* [Your instructions]: Pictures in the data should be dropped; transcribe exactly the lines from the one that has "花カイドウはバラ科の落葉広葉" through the one that has "В режиме ожидания".

* [Information provided]:
..............................

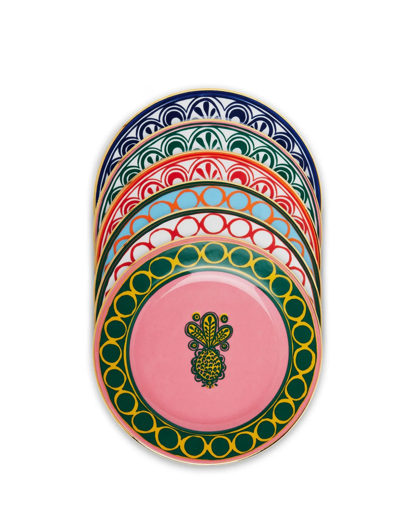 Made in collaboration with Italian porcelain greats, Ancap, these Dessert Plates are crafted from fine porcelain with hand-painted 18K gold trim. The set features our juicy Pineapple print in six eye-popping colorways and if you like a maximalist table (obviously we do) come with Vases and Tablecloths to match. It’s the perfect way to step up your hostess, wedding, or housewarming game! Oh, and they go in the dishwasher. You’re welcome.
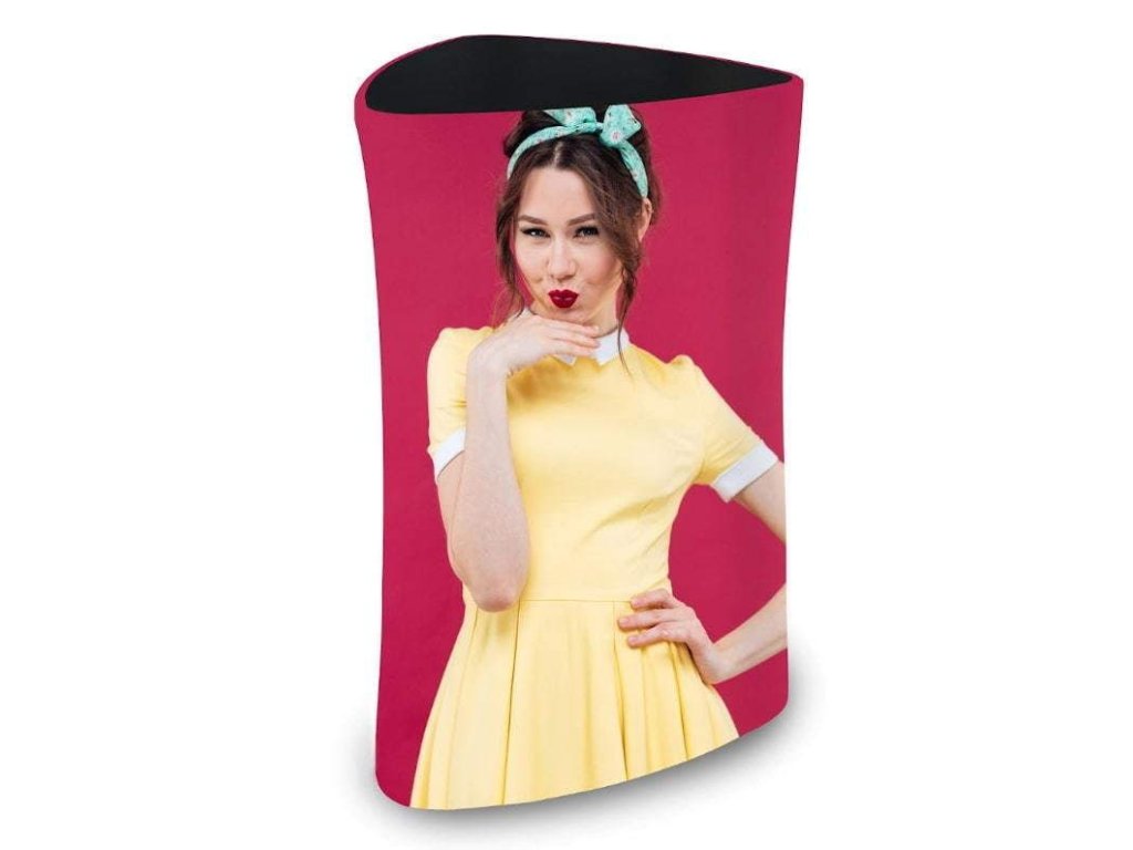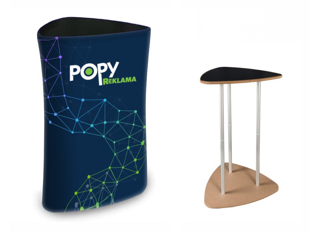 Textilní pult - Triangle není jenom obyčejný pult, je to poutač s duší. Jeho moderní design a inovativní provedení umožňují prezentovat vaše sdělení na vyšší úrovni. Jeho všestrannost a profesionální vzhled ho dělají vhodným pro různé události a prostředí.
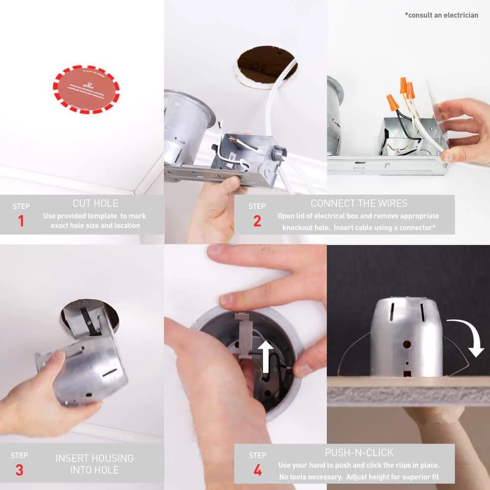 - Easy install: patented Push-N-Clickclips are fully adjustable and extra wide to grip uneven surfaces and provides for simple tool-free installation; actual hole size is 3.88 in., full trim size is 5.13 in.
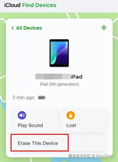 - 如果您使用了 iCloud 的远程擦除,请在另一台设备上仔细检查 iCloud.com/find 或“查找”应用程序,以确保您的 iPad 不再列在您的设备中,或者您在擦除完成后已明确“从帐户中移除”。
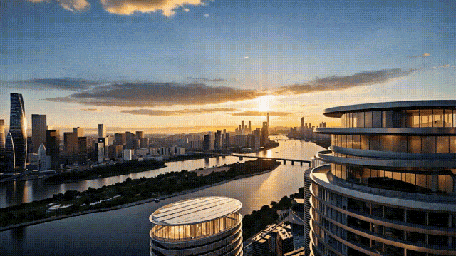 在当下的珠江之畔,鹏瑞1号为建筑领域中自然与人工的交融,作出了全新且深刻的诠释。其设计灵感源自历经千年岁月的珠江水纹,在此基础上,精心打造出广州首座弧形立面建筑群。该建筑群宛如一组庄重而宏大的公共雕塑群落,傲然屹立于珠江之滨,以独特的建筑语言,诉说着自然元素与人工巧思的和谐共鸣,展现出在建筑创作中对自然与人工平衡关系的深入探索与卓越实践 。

..............................

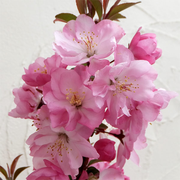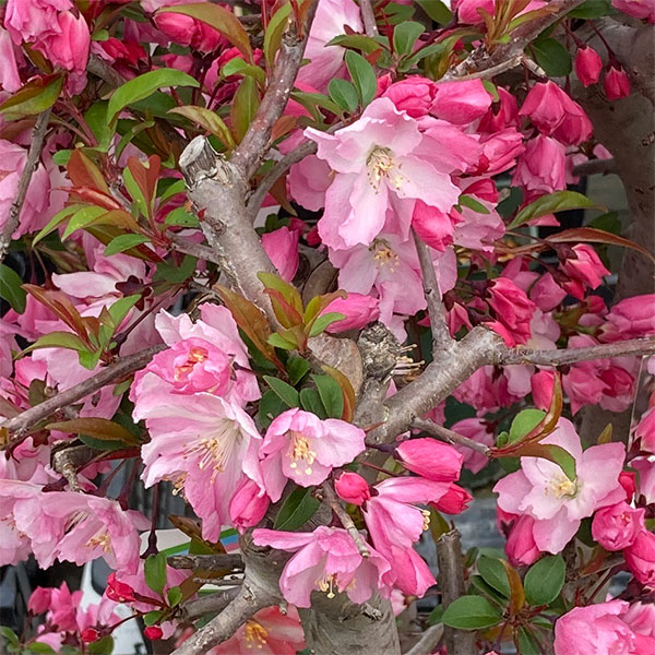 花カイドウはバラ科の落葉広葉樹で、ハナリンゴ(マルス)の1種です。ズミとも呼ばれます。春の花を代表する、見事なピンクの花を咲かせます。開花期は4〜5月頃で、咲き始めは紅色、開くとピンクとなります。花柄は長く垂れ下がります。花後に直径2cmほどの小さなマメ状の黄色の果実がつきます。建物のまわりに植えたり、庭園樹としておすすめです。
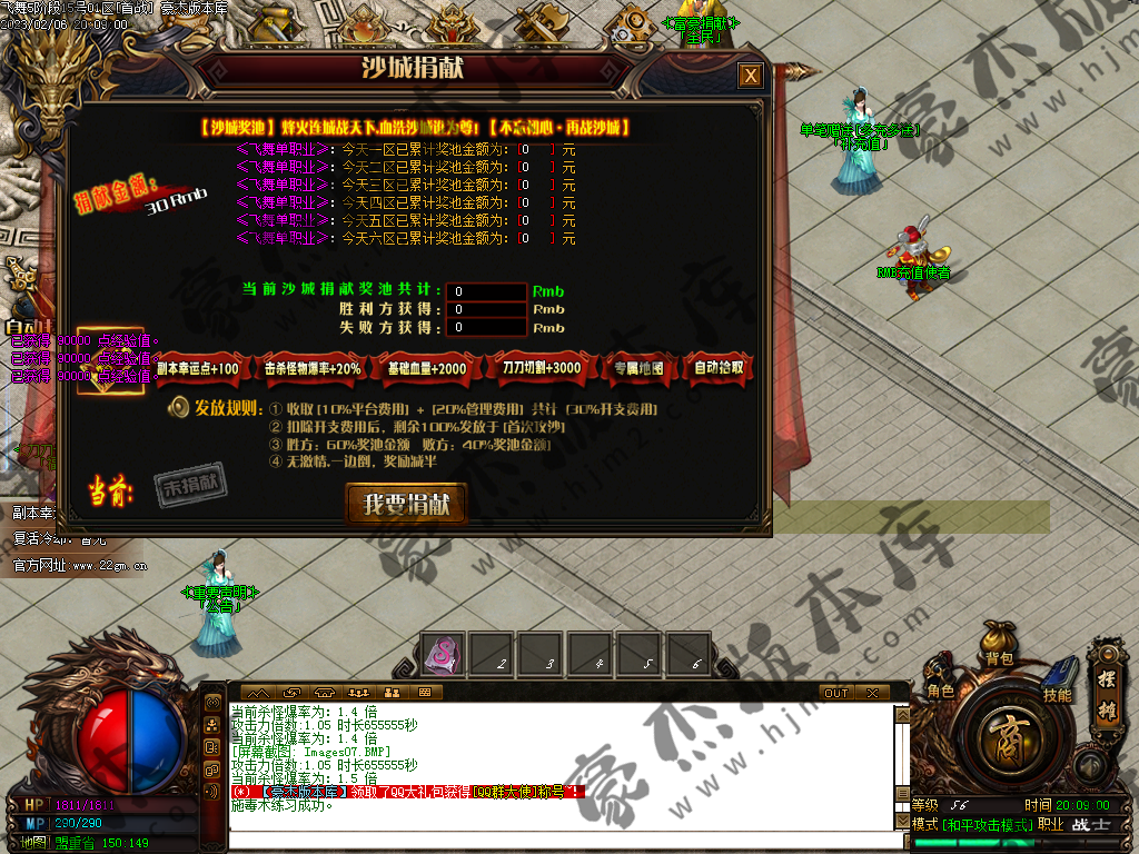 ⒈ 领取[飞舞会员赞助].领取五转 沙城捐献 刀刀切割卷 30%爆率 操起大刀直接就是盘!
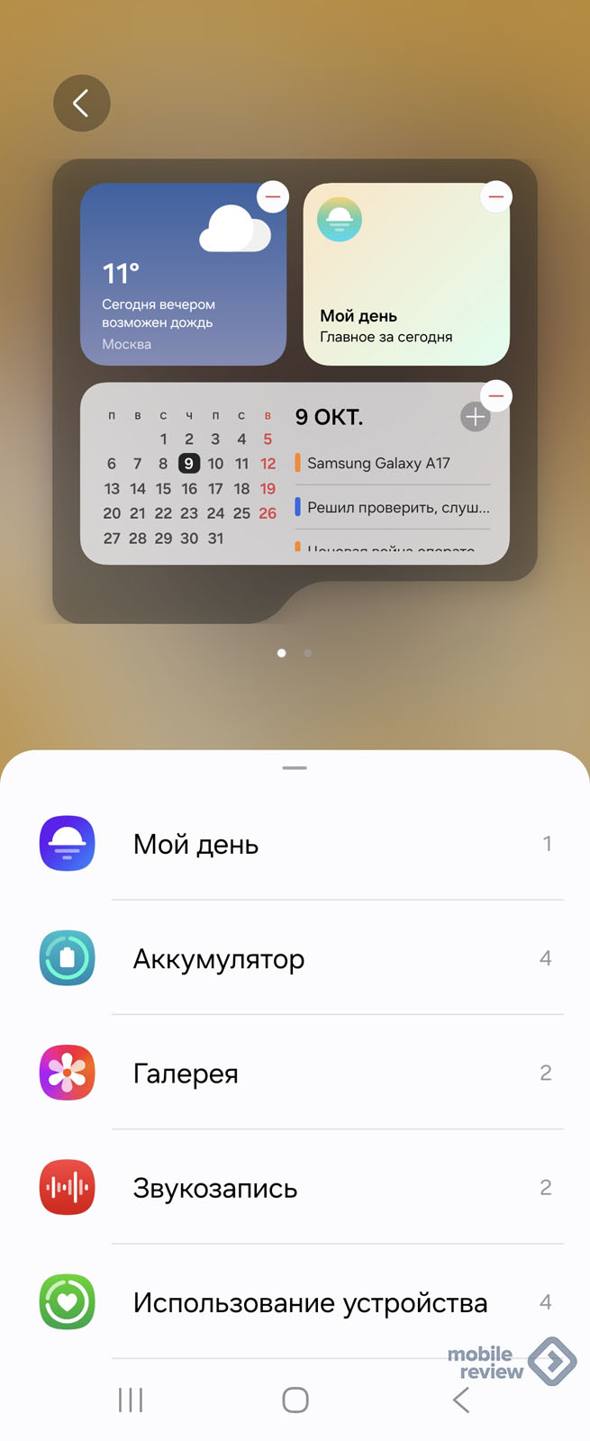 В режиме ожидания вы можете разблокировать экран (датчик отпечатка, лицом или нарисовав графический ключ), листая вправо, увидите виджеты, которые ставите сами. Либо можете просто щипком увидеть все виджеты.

..............................

* [Result]:
 花カイドウはバラ科の落葉広葉樹で、ハナリンゴ(マルス)の1種です。ズミとも呼ばれます。春の花を代表する、見事なピンクの花を咲かせます。開花期は4〜5月頃で、咲き始めは紅色、開くとピンクとなります。花柄は長く垂れ下がります。花後に直径2cmほどの小さなマメ状の黄色の果実がつきます。建物のまわりに植えたり、庭園樹としておすすめです。
 ⒈ 领取[飞舞会员赞助].领取五转 沙城捐献 刀刀切割卷 30%爆率 操起大刀直接就是盘!
 В режиме ожидания вы можете разблокировать экран (датчик отпечатка, лицом или нарисовав графический ключ), листая вправо, увидите виджеты, которые ставите сами. Либо можете просто щипком увидеть все виджеты.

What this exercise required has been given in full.